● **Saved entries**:
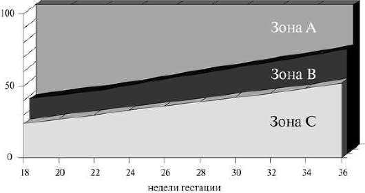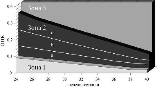 Более точно и в более ранние сроки беременности (начиная с 24 нед) оценить тяжесть гемолитической болезни плода возможно при исследовании оптической плотности билирубина в амниотической жидкости при различных длинах волн света (от 300 до 700 нм) с помощью спектрофотометра. Полученные значения интерпретируют по шкале Лили, которая делится на зоны: 1, 2А, 2В, 2С, 3 (рис. 32.21).
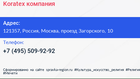 Koratex, компания по адресу 121357, Россия, Москва, проезд Загорского, 10 в дальнейшем Организация, размещена в следующих категориях:
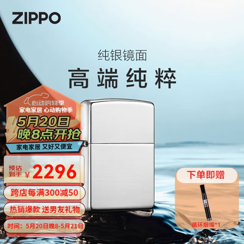 ZIPPO打火机之宝防风煤油 盔甲镜面银 520礼物送老公送男友 单机礼盒价格:2746.00元!
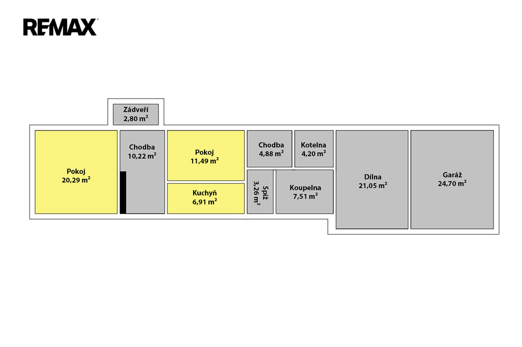 Dispozice zahrnuje obývací pokoj 20,29 m², kuchyň 6,91 m² a spíž 3,26 m² pro uskladnění potravin, dva pokoje 11,49 m² a 10,22 m², koupelnu s WC 7.51 m² a kotelnu 4,20 m². Součástí domu je prostorná garáž 24,05 m² pro pohodlné parkování automobilu a praktická dílna 21,05 m² pro kutily nebo uskladnění nářadí.
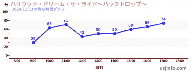 • ハリウッド・ドリーム・ザ・ライド〜バックドロップ〜$B$N(B2020年11月11日の待ち時間
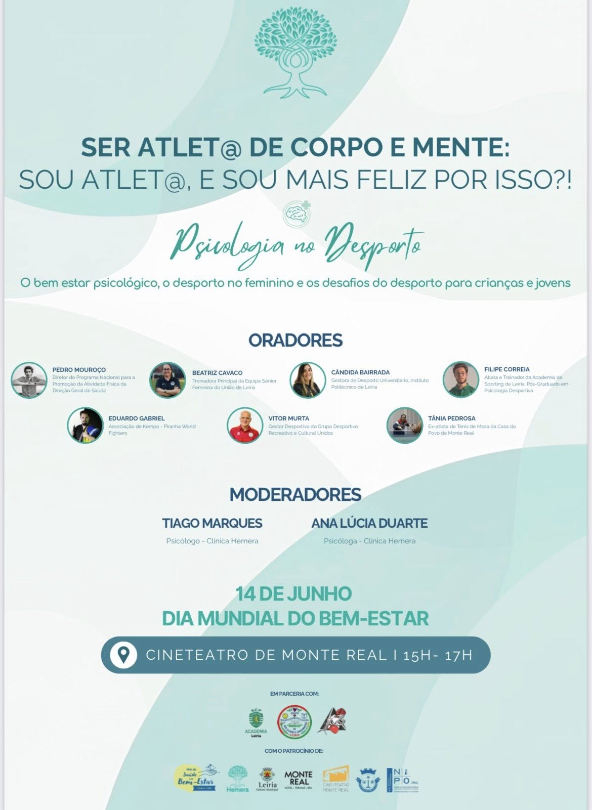 Se o tema da prática desportiva e da Psicologia lhe interessar, convidamos a assistir à mesa redonda com diversos convidados que, numa conversa informal, irão partilhar os seus conhecimentos, a sua experiência e ponto de vista sobre este importante tema.
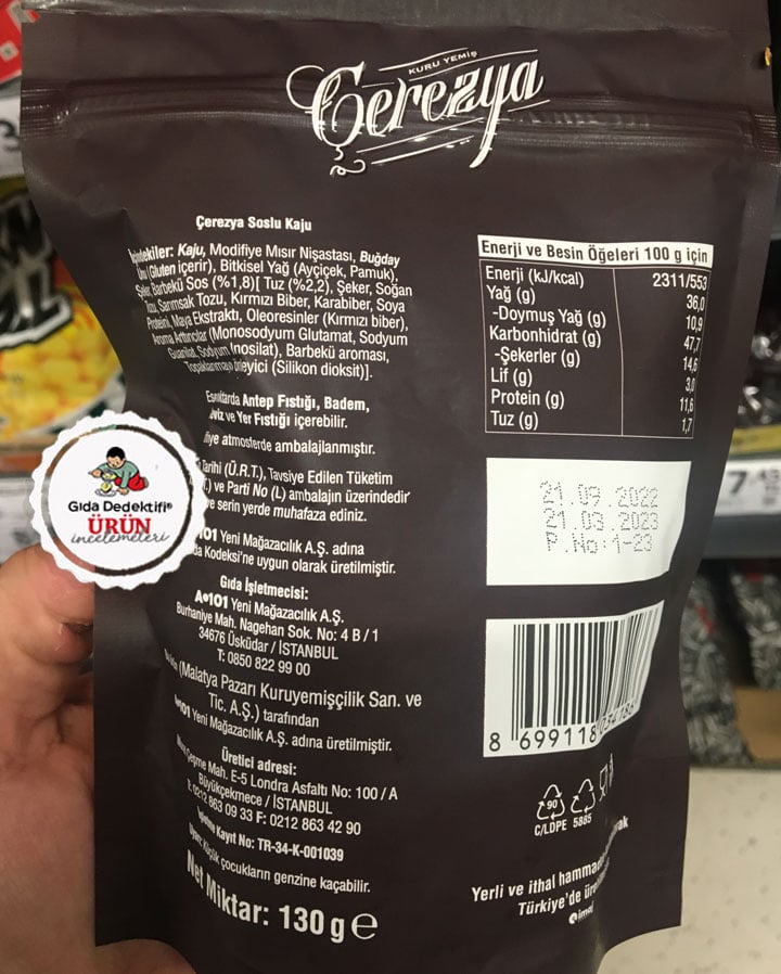 A101 marketlerinde kuruyemiş raflarında satılan ve dikkatimizi çeken bir ürünü inceleyeceğiz: Çerezya Preium Barbekü Soslu Kaju. Ürün 130 gr.’lık paketlerde satılıyor ve ürünün etiket bilgileri üzerinden A101 firması tarafından Malatya Pazarı firmasına fason olarak ürettirildiği anlaşılıyor. Ürün ambalajında “barbekü soslu” ifadesi dikkat çekiyor. Ürünün sıradan kaju fıstığından farklı olarak katkı maddeleri içeren bir çeşit olduğu anlaşılıyor.
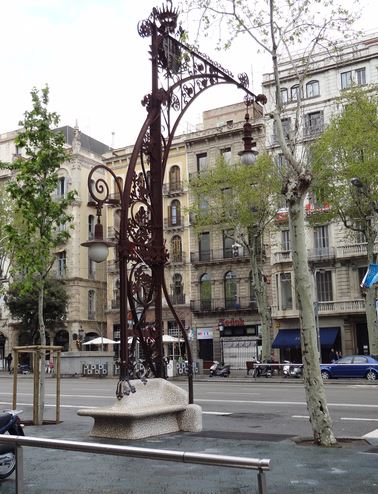 The Paseo de Gracia is not just a choice location to see Gaudi Works in Barcelona, as it is also one of the first streets in the Ensanche; in fact, its layout has a slight angle when compared with the general grid, which follows the straight line of the Gran Vía, defined by distant points. It is a boulevard with a central main way, lateral planted alleys and side service traffic alleys.
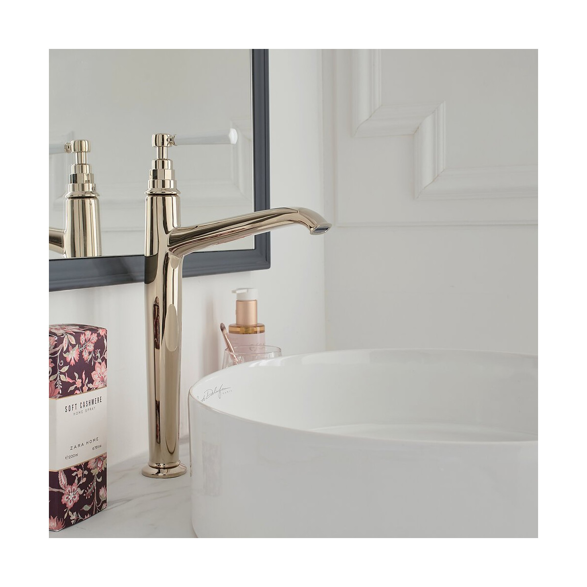 Points forts Le charme de l’ancien : Des lignes classiques, un choix de matériaux nobles et un esprit rétro assumé Hauteur confort : Hauteur sous bec permettant une bonne compatibilité avec la plupart des vasques à poser Finition Or beige riche et éclatante qui sublime l espace grâce à ses reflets chauds et son côté luxueux Jet d’eau scintillant : Un jet torsadé au rendu spectaculaire Caractéristiques du mitigeur lavabo - modèle haut - Cleo Jacob Delafon Type d’installation : Mitigeur 1 trou Mécanisme : Cartouche à disques céramique Débit (L/mn sous 3 bars) : 5 l/mn Raccords : Avec flexibles d alimentation Kit de fixation avec queue filetée pour une installation simplifiée Garantie mécanisme : 5 ans Garantie finition chromée : 10 ans Garantie finition or beige : 25 ans Hauteur max. : 378 mm Hauteur mitigeur : 352 mm Hauteur sous bec : 253 mm Saillie du bec : 175 mm 2 coloris disponibles Ref E24309-CP : Chrome Ref E24309-BGG : Or beige
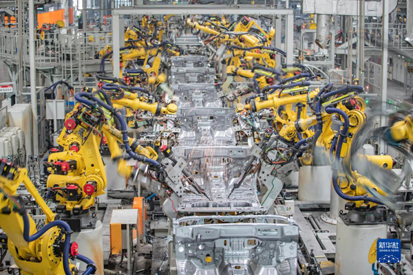 3月1日,在長城汽車重慶永川生產基地焊裝車間,智能化焊接機器人在進行焊接作業(yè)。新華社記者 黃偉 攝
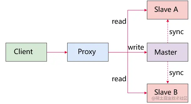 客户端首先通过代理向主节点 Master 进行了写入操作,此时由于没有实现强一致,写操作写完后立即返回;
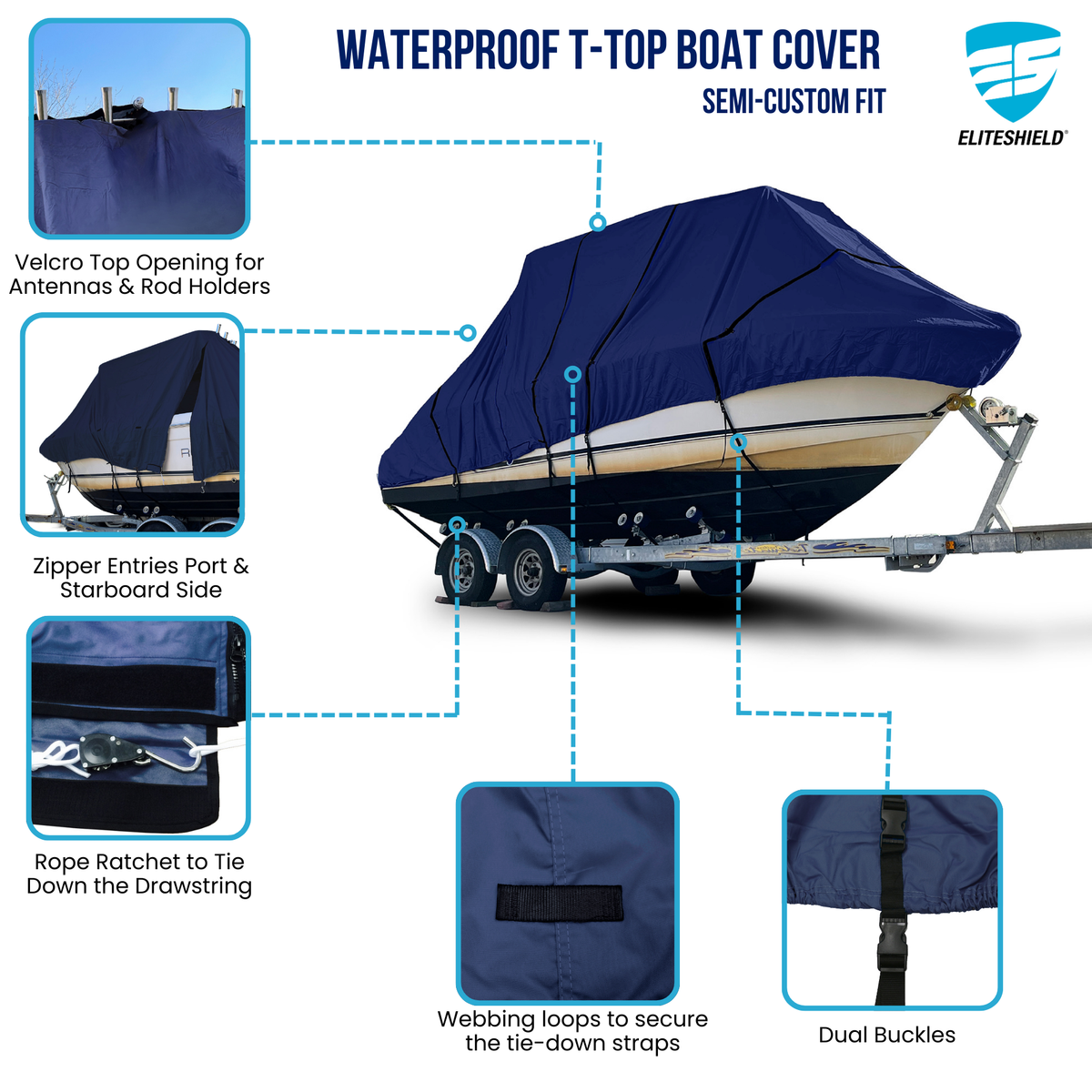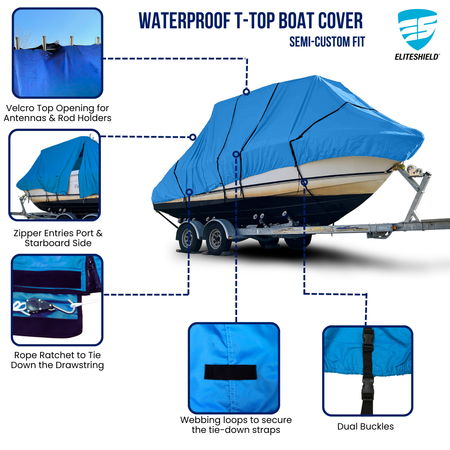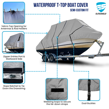 The EliteShield ProShield™ 600D Hard Top/ T-Top Boat Cover delivers superior all-weather protection, keeping your boat safe from sun, rain, snow, dirt, and pollutants whether on a trailer or at the dock.
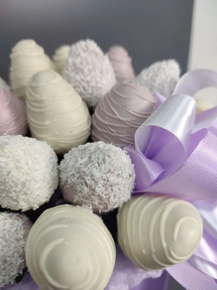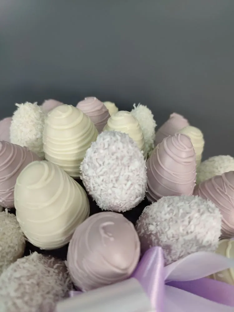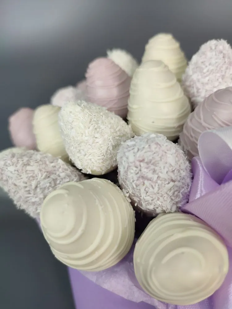 Мы собираем клубничные букеты по весу, а не по штукам. Количество, форма и размер ягод могут отличаться — ведь каждая ягода уникальна.

● **What you are asked to do**: All of the records must come back exactly as they stand, minus every picture.

● **Result**:
 Более точно и в более ранние сроки беременности (начиная с 24 нед) оценить тяжесть гемолитической болезни плода возможно при исследовании оптической плотности билирубина в амниотической жидкости при различных длинах волн света (от 300 до 700 нм) с помощью спектрофотометра. Полученные значения интерпретируют по шкале Лили, которая делится на зоны: 1, 2А, 2В, 2С, 3 (рис. 32.21).
 Koratex, компания по адресу 121357, Россия, Москва, проезд Загорского, 10 в дальнейшем Организация, размещена в следующих категориях:
 ZIPPO打火机之宝防风煤油 盔甲镜面银 520礼物送老公送男友 单机礼盒价格:2746.00元!
 Dispozice zahrnuje obývací pokoj 20,29 m², kuchyň 6,91 m² a spíž 3,26 m² pro uskladnění potravin, dva pokoje 11,49 m² a 10,22 m², koupelnu s WC 7.51 m² a kotelnu 4,20 m². Součástí domu je prostorná garáž 24,05 m² pro pohodlné parkování automobilu a praktická dílna 21,05 m² pro kutily nebo uskladnění nářadí.
 • ハリウッド・ドリーム・ザ・ライド〜バックドロップ〜$B$N(B2020年11月11日の待ち時間
 Se o tema da prática desportiva e da Psicologia lhe interessar, convidamos a assistir à mesa redonda com diversos convidados que, numa conversa informal, irão partilhar os seus conhecimentos, a sua experiência e ponto de vista sobre este importante tema.
 A101 marketlerinde kuruyemiş raflarında satılan ve dikkatimizi çeken bir ürünü inceleyeceğiz: Çerezya Preium Barbekü Soslu Kaju. Ürün 130 gr.’lık paketlerde satılıyor ve ürünün etiket bilgileri üzerinden A101 firması tarafından Malatya Pazarı firmasına fason olarak ürettirildiği anlaşılıyor. Ürün ambalajında “barbekü soslu” ifadesi dikkat çekiyor. Ürünün sıradan kaju fıstığından farklı olarak katkı maddeleri içeren bir çeşit olduğu anlaşılıyor.
 The Paseo de Gracia is not just a choice location to see Gaudi Works in Barcelona, as it is also one of the first streets in the Ensanche; in fact, its layout has a slight angle when compared with the general grid, which follows the straight line of the Gran Vía, defined by distant points. It is a boulevard with a central main way, lateral planted alleys and side service traffic alleys.
 Points forts Le charme de l’ancien : Des lignes classiques, un choix de matériaux nobles et un esprit rétro assumé Hauteur confort : Hauteur sous bec permettant une bonne compatibilité avec la plupart des vasques à poser Finition Or beige riche et éclatante qui sublime l espace grâce à ses reflets chauds et son côté luxueux Jet d’eau scintillant : Un jet torsadé au rendu spectaculaire Caractéristiques du mitigeur lavabo - modèle haut - Cleo Jacob Delafon Type d’installation : Mitigeur 1 trou Mécanisme : Cartouche à disques céramique Débit (L/mn sous 3 bars) : 5 l/mn Raccords : Avec flexibles d alimentation Kit de fixation avec queue filetée pour une installation simplifiée Garantie mécanisme : 5 ans Garantie finition chromée : 10 ans Garantie finition or beige : 25 ans Hauteur max. : 378 mm Hauteur mitigeur : 352 mm Hauteur sous bec : 253 mm Saillie du bec : 175 mm 2 coloris disponibles Ref E24309-CP : Chrome Ref E24309-BGG : Or beige
 3月1日,在長城汽車重慶永川生產基地焊裝車間,智能化焊接機器人在進行焊接作業(yè)。新華社記者 黃偉 攝
 客户端首先通过代理向主节点 Master 进行了写入操作,此时由于没有实现强一致,写操作写完后立即返回;
 The EliteShield ProShield™ 600D Hard Top/ T-Top Boat Cover delivers superior all-weather protection, keeping your boat safe from sun, rain, snow, dirt, and pollutants whether on a trailer or at the dock.
 Мы собираем клубничные букеты по весу, а не по штукам. Количество, форма и размер ягод могут отличаться — ведь каждая ягода уникальна.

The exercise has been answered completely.